Personal information
- Nationality: British (Welsh)
- Born: September 1956 (age 69) Merthyr Tydfil, Wales

Sport
- Sport: Athletics
- Event: shot put / discus throw
- Club: Cardiff AAC Bristol and West AC

= Venissa Head =

Welsh track and field athlete

Venissa Anne Head (born 1 September 1956) is a former international track and field athlete from Wales who competed at the 1984 Summer Olympics.

== Biography ==
Head went to secondary school at Cyfarthfa Castle Grammar School in Wales, and it was whilst there that she won her first of 15 Welsh shot put titles, at the age of 17. She won 25 Welsh titles in total, with her ten successive discus titles coming between 1979 and 1988.

She was a member of the Cardiff Athletic Club, where she still holds the club discus record, as well as both the indoor and outdoor shot put records. She was also a member of Bristol and West Athletic Club, and still holds the club discus and shot put records.

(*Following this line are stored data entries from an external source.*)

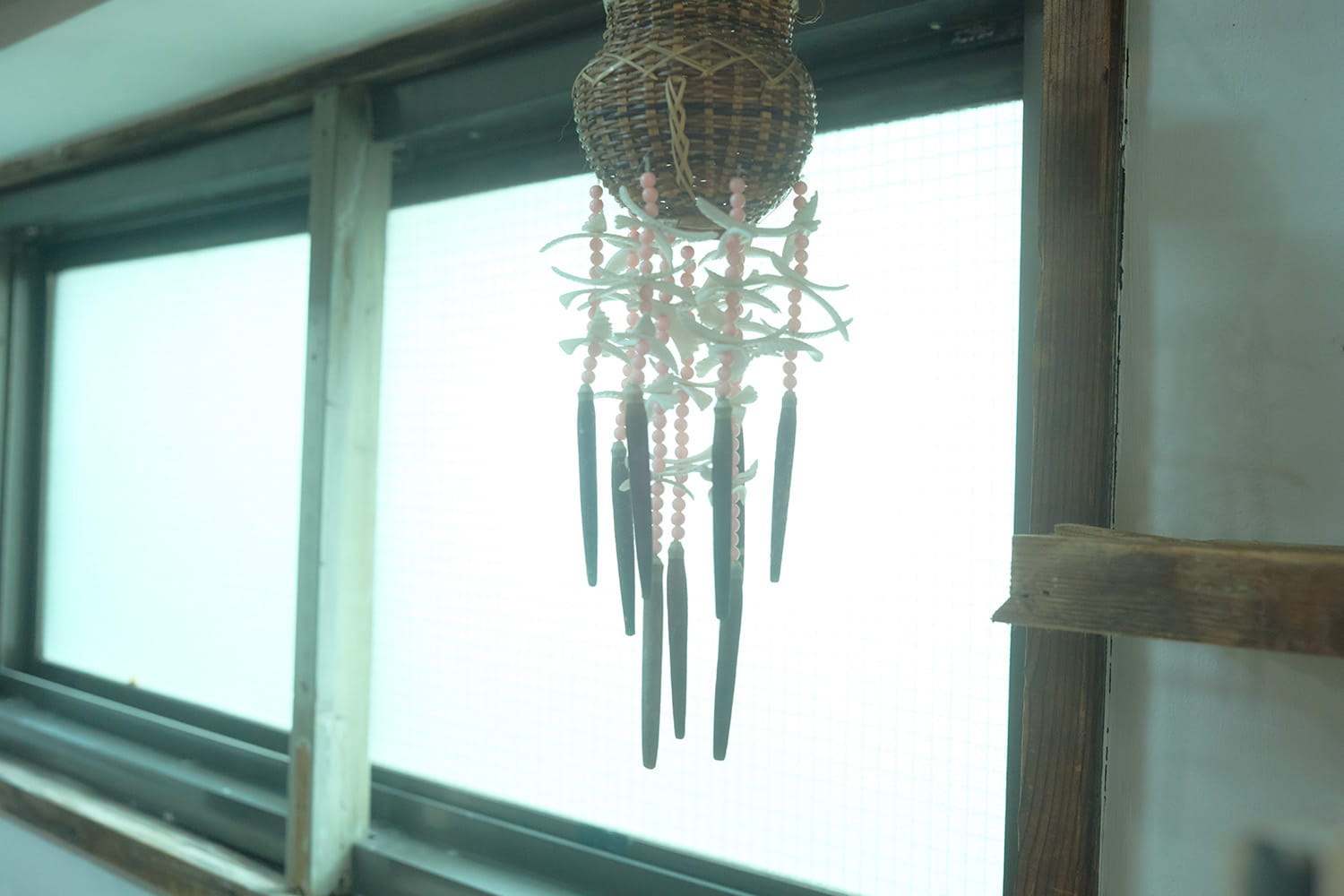 剥き出しのコンクリートや年季の入った木の柱が残るこぢんまりとした空間で、山中さんは筆を動かしている。制作の背景やプロセス、そして棚の片隅に並ぶ骨董品について話をうかがった。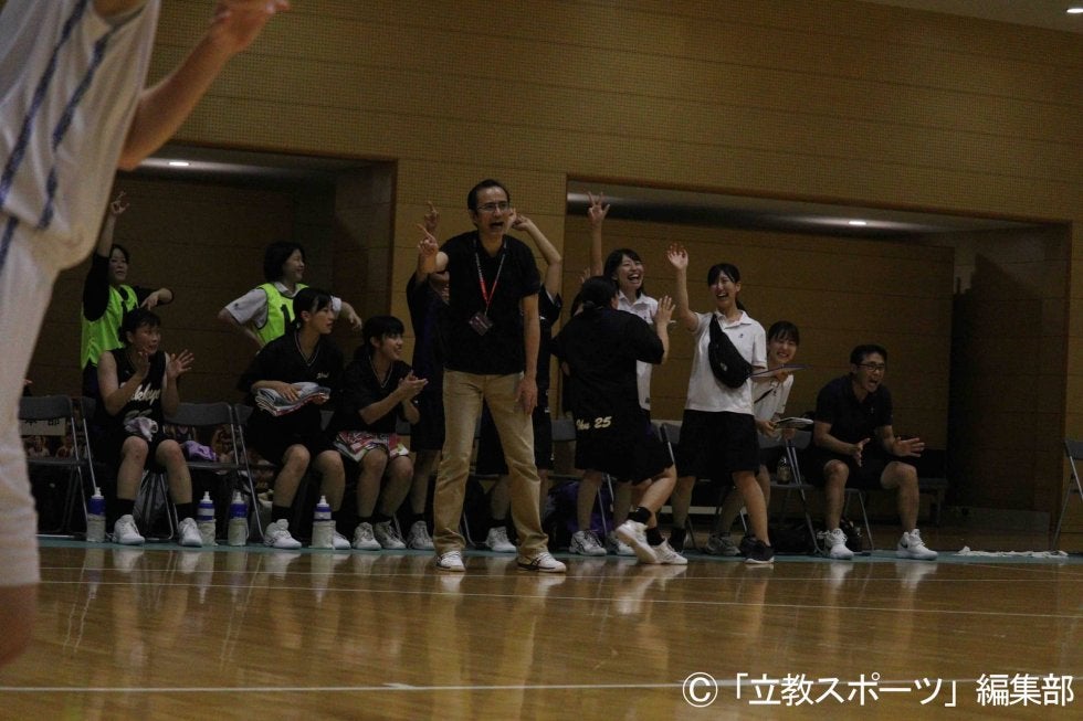 第1戦では開始6秒で#27小沼(営3)が先制点を取ると、立大が9点連続で得点を決めるなど好調な滑り出しを見せた。#26西山(営1)は1度シュートを外すも、自らリバウンドを取りシュートを決め2点をゲット。1年生ながらスタメンとして出場し、3Pシュートも決めるなど活躍が目立った。その後も立大得意のパス回しで相手を翻弄し9点リードで前半終了。試合を見ていた他大の選手が「立教強いな」と声をもらすほど、立大優勢の展開だった。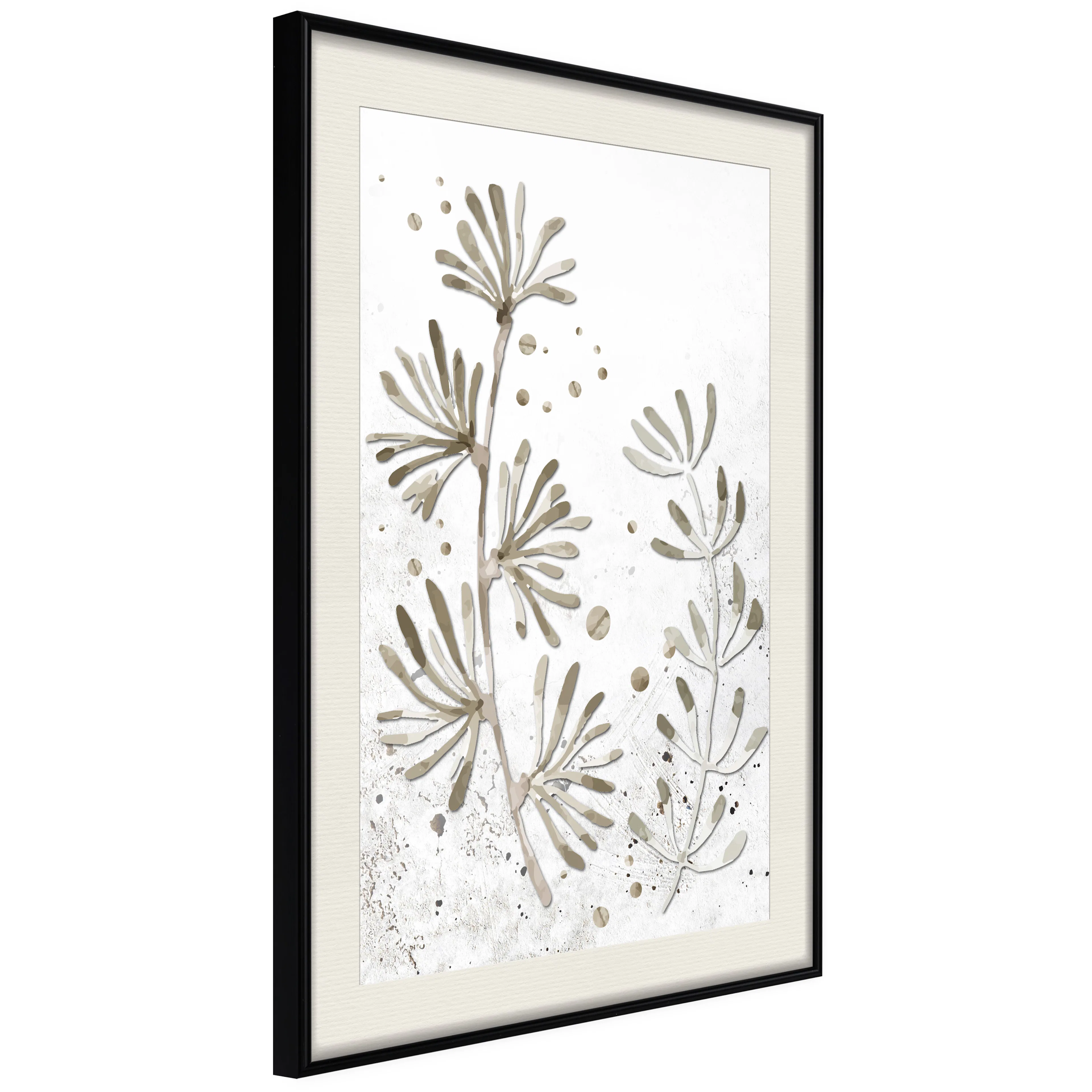 Passepartouten i écru betonar färgern på affischen och skapar en extra kontrast mellan grafiken, ramen och väggen. Dessutom ger den ramen ett svagt tredimensionellt intryck och fungerar även som ett skyddslager som ytterligare skyddar afischen. Affischen är säkrad med akrylglas och en hänganordning finns på ramens baksida.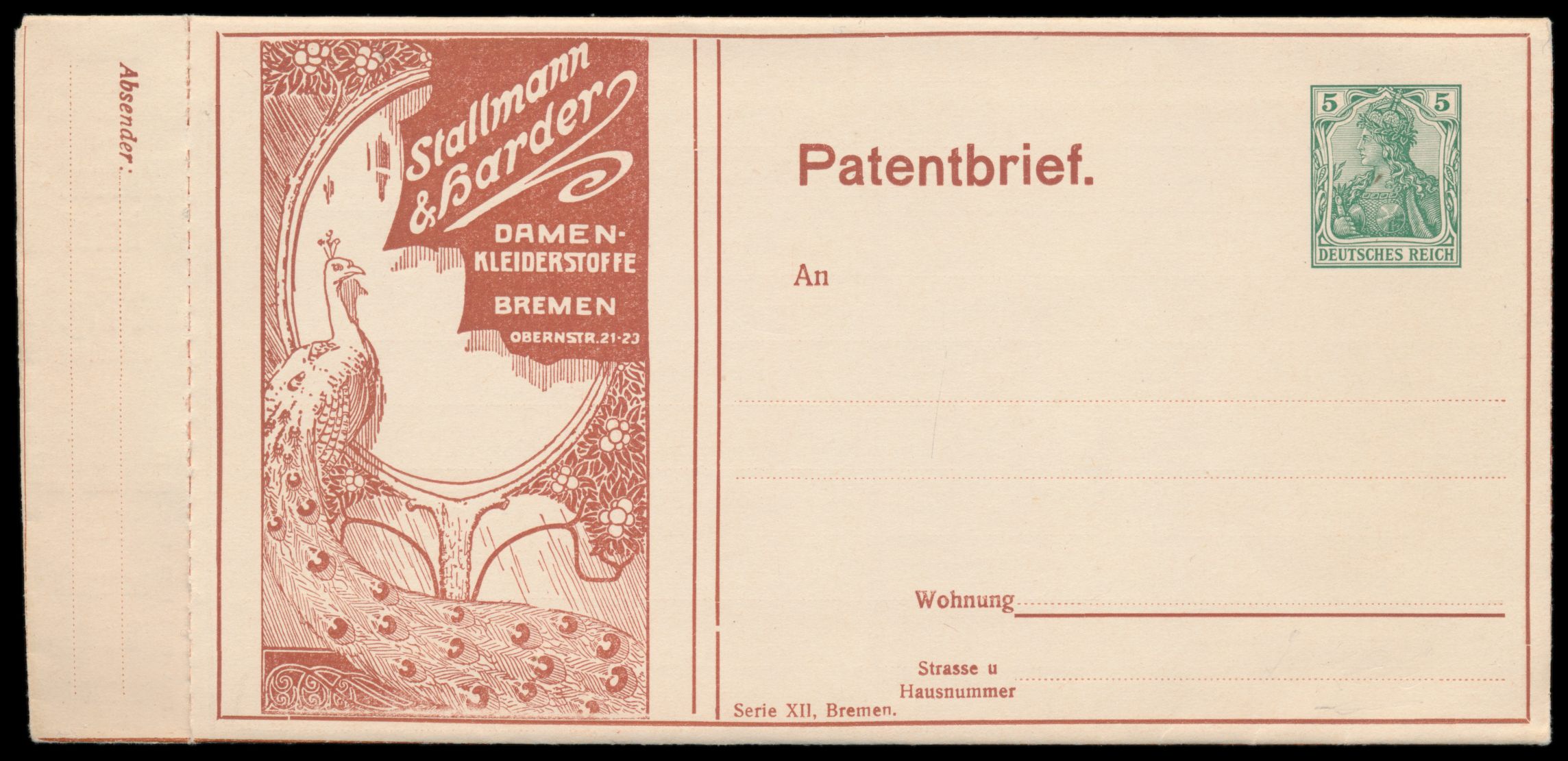 Patentbrief, Wertstempel 5 Pfg. Germania, Anzeigen Kartenbrief Serie XII Bremen, ungebraucht, vorderseitig Bild Stallmann Harder mit Pfau, gut erhalten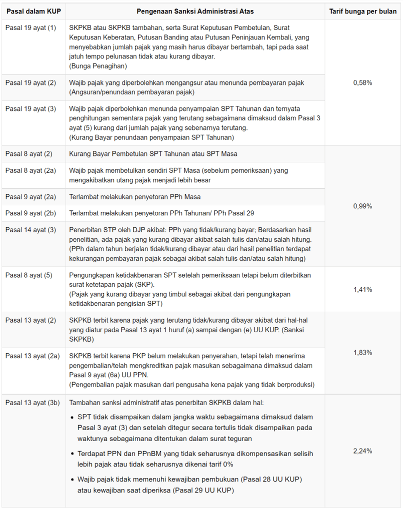 Terdapat 5 tarif bunga per bulan untuk sanksi administrasi, yaitu mulai dari 0,58% sampai dengan 2,24%. Kelima tarif tersebut lebih rendah dibandingkan dengan tarif pada periode Desember 2022. Simak ‘Tarif Bunga Sanksi Administrasi Pajak Desember 2022, Cek di Sini’.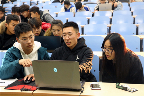 比赛期间,为更好的让参赛队员了解游戏规则,参赛组每组都有一次尝试机会,各组成员分别表达出自己独特的意见与见解,并不时的向管理人员询问问题。决赛期间,各队队员热情高涨、不甘示弱,力求用最快的速度勇夺第一。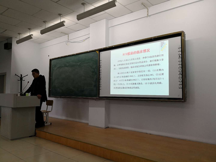 2017年12月8日星期五。呼和浩特市疾病控制预防中心王老师为我院工程一、二班、物理学蒙班同学在行知楼224进行普及艾滋病知识讲座。

She took part in the inaugural IAAF World Championships in 1983, competing in both the shot put and the discus throw. In the shot put, she finished 5th in Group A in qualifying with a put of 18.41 metres. She putted a shorter 18.05 in the final to finish 10th overall. This result is the best ever by a British athlete. No British athletes have ever made the final since. In the discus she finished 8th in Qualifying Group B with a throw of 53.78, and so did not progress to the final.

She was part of the British Olympic team for the 1984 Olympic Games in Los Angeles, where she again competed in the discus throw and shot put. In the discus, she threw 55.24 metres in qualifying, which was 24 cm further than the mark needed to qualify for the final, and was the shortest mark to automatically qualify. She finished sixth in Group A and eighth overall in qualifying. In the final, she finished seventh, with a best throw of 58.18 metres, achieved in the third round. In the shot put, she finished sixth with a throw of 17.90 metres, in a competition that went straight to a final as there were only thirteen entrants, caused by the 1984 Summer Olympics boycott.

Head also represented Wales at the Commonwealth Games, winning the silver medal in the discus throw at the 1986 Commonwealth Games in Edinburgh.

She is also a musician in Pontypool Brass Band, playing the tuba.

She was inducted into the Welsh Athletics Hall of Fame in 2010.

She is the British indoor shot put record holder, with her personal best of 19.06 metres set on 7 April 1984. This put also places her second on the overall all-time list. She was second on the British all-time list for discus until 27 February 2016, when a throw by Jade Lally relegated her to third.